Permalink
Commits on Feb 2, 2012
  1. - Fix inline issue with older compilers (gcc 4.2.2)

    swills committed with dormando Feb 2, 2012
    ed note: this needs to be redone in memcached.h as a static inline, or changed
    to a define.
  2. fix glitch with flush_all <future>

    dormando committed Feb 2, 2012
    reported by jhpark. items at the bottom of the LRU would be popped for sets if
    flush_all was set for the "future" but said future hadn't arrived yet.
    item_get handled this correctly so the flush would not happen, but items at
    the bottom of the LRU would be reclaimed early.
    
    Added tests for this as well.
Commits on Jan 28, 2012
  1. Skip SASL tests unless RUN_SASL_TESTS is defined.

    dustin committed Jan 28, 2012
    This fails for various stupid platform-specific things.  The SASL code
    can be working correctly, but not in a way that is completely
    predictable on every platform (for example, we may be missing a
    particular auth mode).
  2. Specify hostname in sasl_server_new.

    dustin committed Jan 28, 2012
    saslpasswd2 does something a little magical when initializing the
    structure that's different from what happens if you just pass NULL.
    
    The magic is too great for the tests as is, so this code does the same
    thing saslpasswd2 does to determine the fqdn.
  3. build fix: Define sasl_callback_ft on older versions of sasl.

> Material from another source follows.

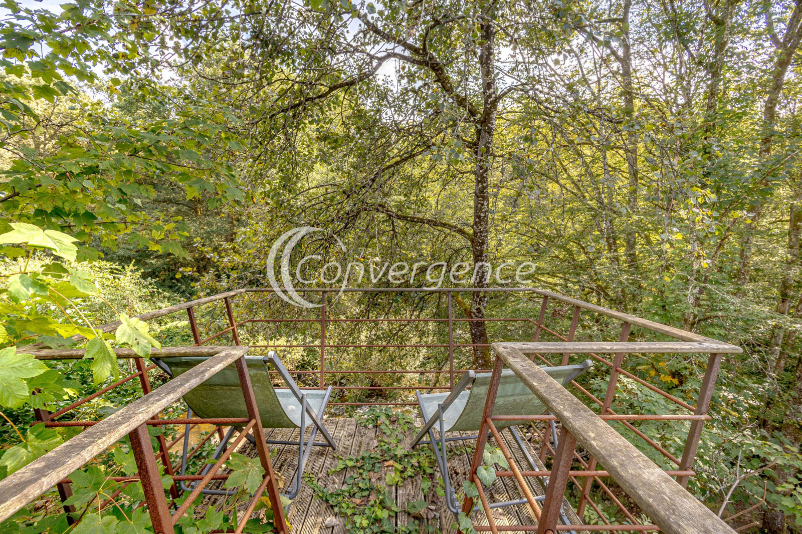 Côté extérieur une parcelle de près de 4500 m2 composée de plusieurs espaces qui vous apportera sérénité et plaisir des yeux avec de nombreuses variétés de plantes et d'arbres rares. Située à côté de la rivière de la Glane, elle vous offrira de quoi contempler, pêcher ou se rafraîchir.

    dustin committed Jan 28, 2012
    They just changed this randomly with no way to really detect it.  You
    can read about it here:
    
    http://lists.andrew.cmu.edu/pipermail/cyrus-sasl/2011-September/002340.html
Commits on Jan 26, 2012
  1. fix segfault when sending a zero byte command

    dormando committed Jan 26, 2012
    echo "" | nc localhost 11211 would segfault the server
    
    simple fix is to add the proper token check to the one place it's missing.
  2. fix warning in UDP test

    dormando committed Jan 26, 2012
  3. properly detect GCC atomics

    dormando committed Jan 26, 2012
    I was naive. GCC atomics were added in 4.1.2, and not easily detectable
    without configure tests. 32bit platforms, centos5, etc.
  4. tests: loop on short binary packet reads

    dustin committed Jan 26, 2012
    Awesome bug goes like this:
    
    let "c1" be the commit of the "good state" and "c2" be the commit
    immediately after (in a bad state).  "t1" is the state of the tree in "c1"
    and "t2" is the state of the tree in "c2"
    
    In their natural states, we have this:
    
    c1 -> t1 -> success
    c1 -> t2 -> fail
    
    However, if you take
    
    c1 -> t1 -> patch to t2 -> success
    c2 -> t2 -> patch to t1 -> fail
    
    So t1 *and* t2 both succeed if the committed tree is c1, but both fail of
    the committed tree is c2.
    
    The difference?  c1 has a tag that points to it so the version number is
    "1.2.10" whereas the version number for the unreleased c2 is
    "1.4.10-1-gee486ab" -- a bit longer, breaks stuff in tests that try to
    print stats.
Commits on Jan 18, 2012
  1. fix slabs_reassign tests on 32bit hosts

    dormando committed Jan 18, 2012
    32bit pointers are smaller... need more items to fill the slabs, sigh.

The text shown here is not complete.